In the test devised by Alan Turing bearing his name in his seminal 1950 paper “Computing machinery and intelligence”, to determine whether a machine is able to demonstrate intelligence – in Turing’s words “Can machines act like they are thinking?” – a human examiner is asked to determine whether one or other of two subjects with whom he is communicating via a teletype is human. The examiner does this by establishing a question-and-answer session made up of a series of questions, possible identical, to the two subjects and the responses from both. He then assesses these responses against each other and his expectations of an intelligent human response.

It is the contention of this letter that the direct involvement of a human questioner and a human “standard of intelligence” subject in determining the outcome of the Turing test creates a flawed and questionable set of results, because of the level of subjectivity involved.

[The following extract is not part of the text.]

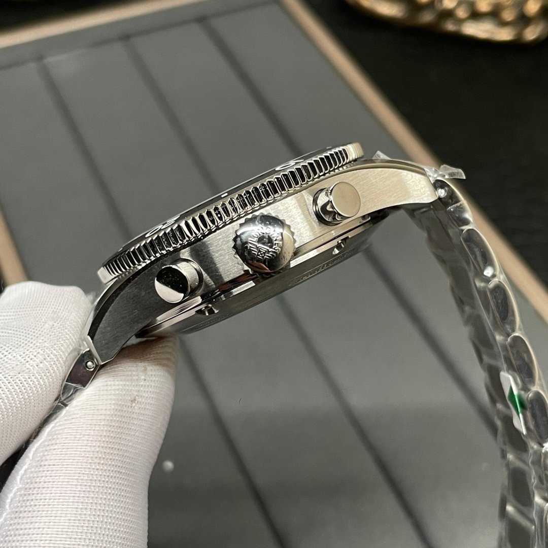 1⃣️Diameter 42 mm, bidirectional rotation with black and blue ceramic matte bezel, Arabic numerals through black holes luminous, synchronized with the official website.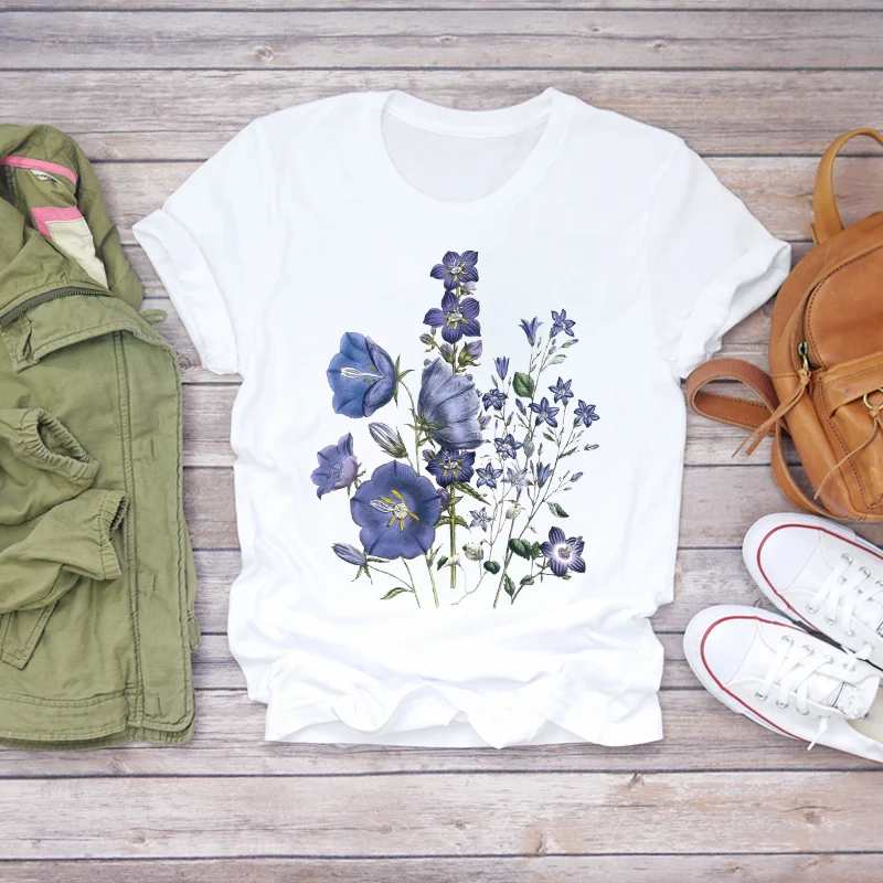 Женские туфли с цветочным принтом Модные женские короткий рукав Эстетическая одежда летние футболки для девочек осенний ТопГрафический женские, дамские туфли-лодочки, футболки

Further, this letter asserts that the promotion of the human examiner to the position of observer, rather than a participant, will give rise to:

  • a far more objective set of conclusions, with the possibility of categorising the performance of systems that are built with a goal of showing artificial intelligence;

  • a new test configuration involving systems under assessment communicating directly between themselves; and

  • a worthwhile extension of the range and categorisation of intelligent behaviour recorded.

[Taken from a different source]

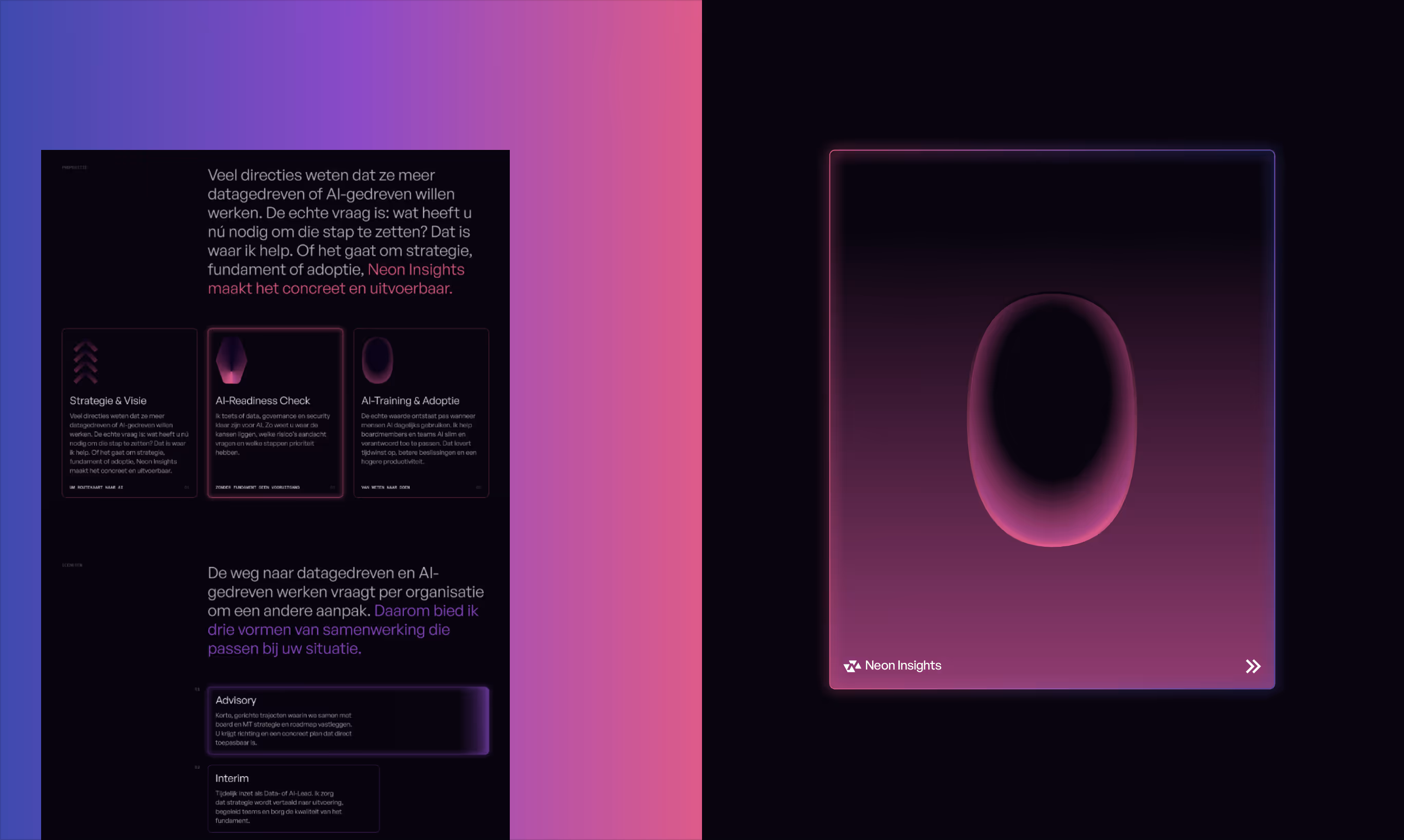 Neon Insights is a Netherlands-based consulting company focused on data analytics and AI. We developed a compact visual identity from scratch. The idea was to create a clean style with neon elements that show the company uses modern tools and offers clear, simple solutions.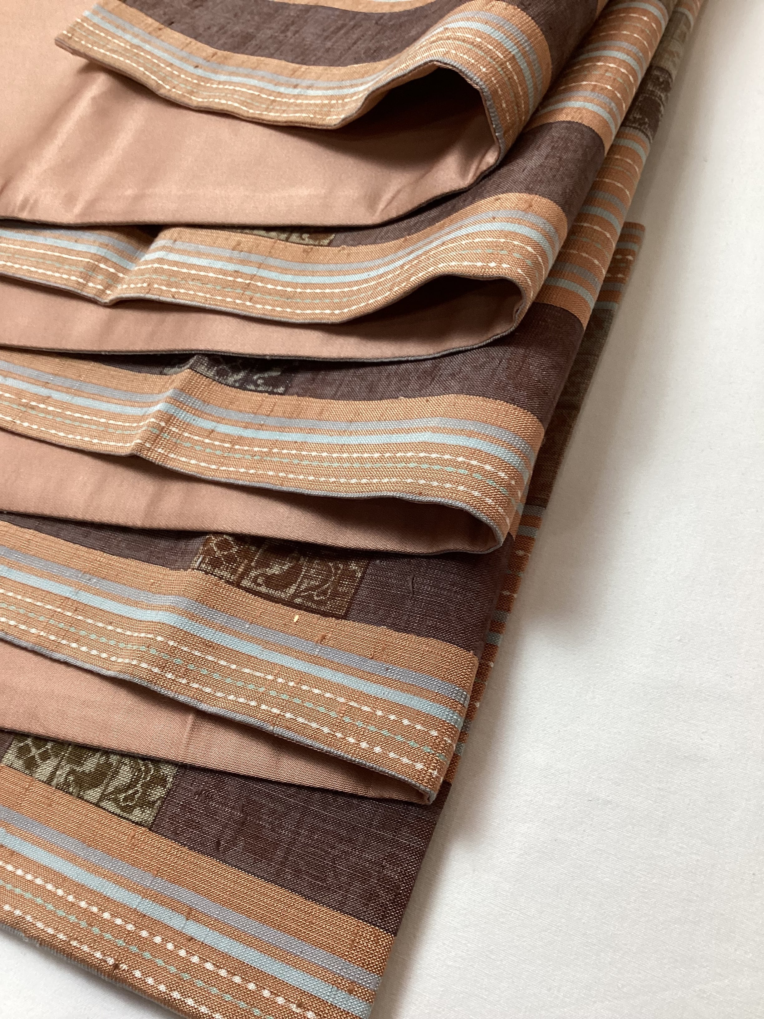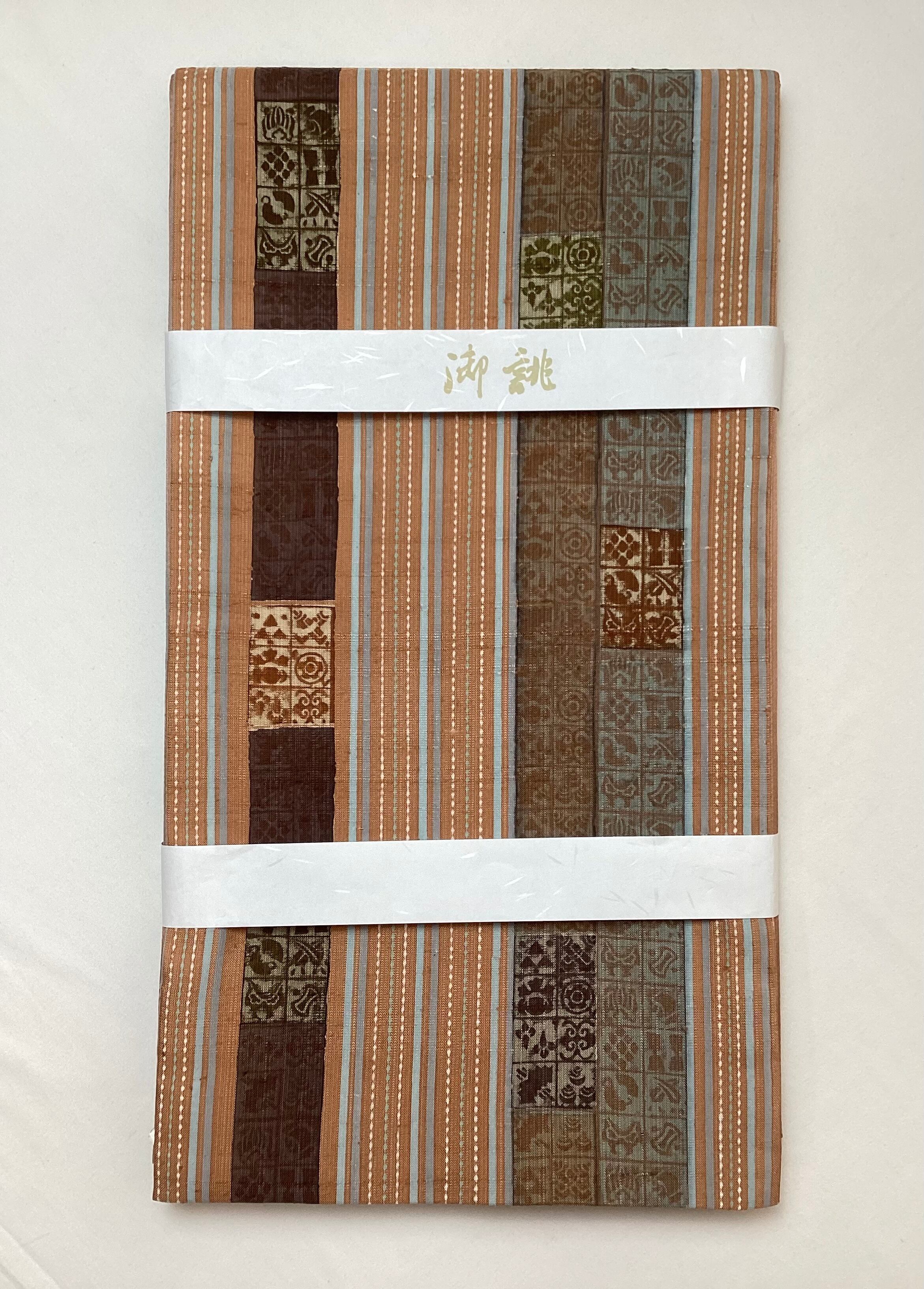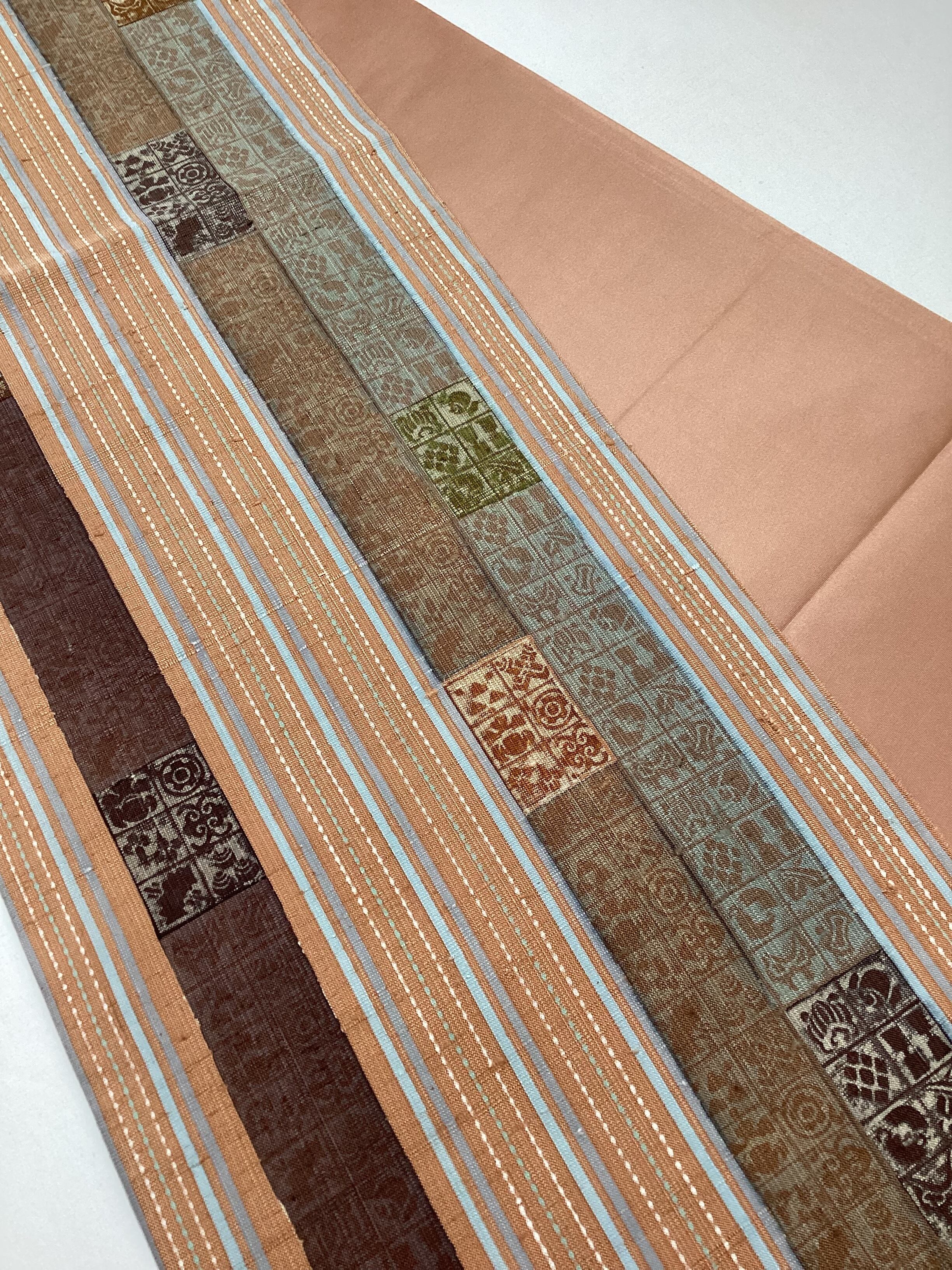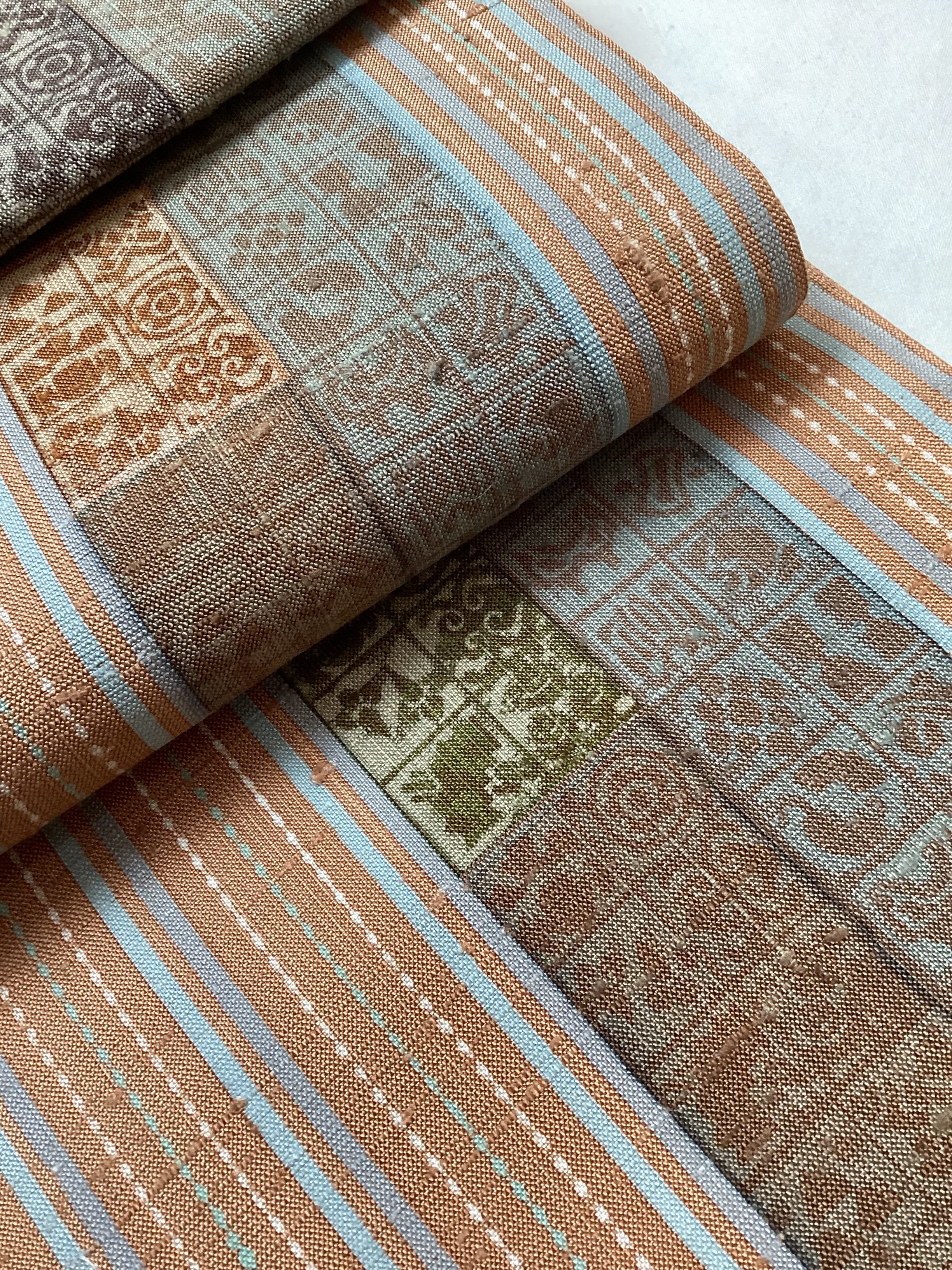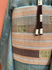 肉桂色(赤みを帯びたライトブラウン)に水色や青磁色のスッキリとした縦ラインがアクセントとなり、木版で押された様々な宝の文様や吉祥の文様が味わいのあるカジュアルな洒落袋帯です。紬のお着物に馴染むお色目で重宝に締めていただけるかと思います。全通柄で贅沢に柄付けされており、着物ビギナーさんにも柄出しに迷わずに結んでいただける紬の袋帯です。

Problems arising from human participation in the Turing test

The Turing test as originally devised has a human “interrogator” eliciting responses to identical questions from:

  • a target intelligent machine; and

  • another human as a “standard candle of intelligence”.

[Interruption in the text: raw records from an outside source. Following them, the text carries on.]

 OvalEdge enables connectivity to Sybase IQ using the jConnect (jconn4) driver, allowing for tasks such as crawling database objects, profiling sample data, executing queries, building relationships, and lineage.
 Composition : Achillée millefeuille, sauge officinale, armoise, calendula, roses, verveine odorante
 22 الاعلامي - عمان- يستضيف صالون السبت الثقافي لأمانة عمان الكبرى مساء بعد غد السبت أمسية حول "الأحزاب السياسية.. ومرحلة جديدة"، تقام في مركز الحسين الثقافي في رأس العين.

The fact that human intelligence varies so widely between individuals in its breadth, depth, content and communications capabilities has to generate significant concerns about the objectivity of such a test, both as to the questioner’s objectivity on choice of questions and on the assessment of answers, and in the employment of a single “standard human intelligence” as the yardstick.

It is a proposal of this letter that the human involvement in the Turing test needs to be elevated to as near to that of an objective observer as possible.

A proposal for the configuration of new test of intelligence

To eliminate the participation of a human in influencing the content of the information flows in an intelligence test, it is proposed that two identical examples of the (machine) intelligence under scrutiny are configured so as to communicate directly with each other by means of well-established protocols, such as the teletype protocol employed in Turing’s test.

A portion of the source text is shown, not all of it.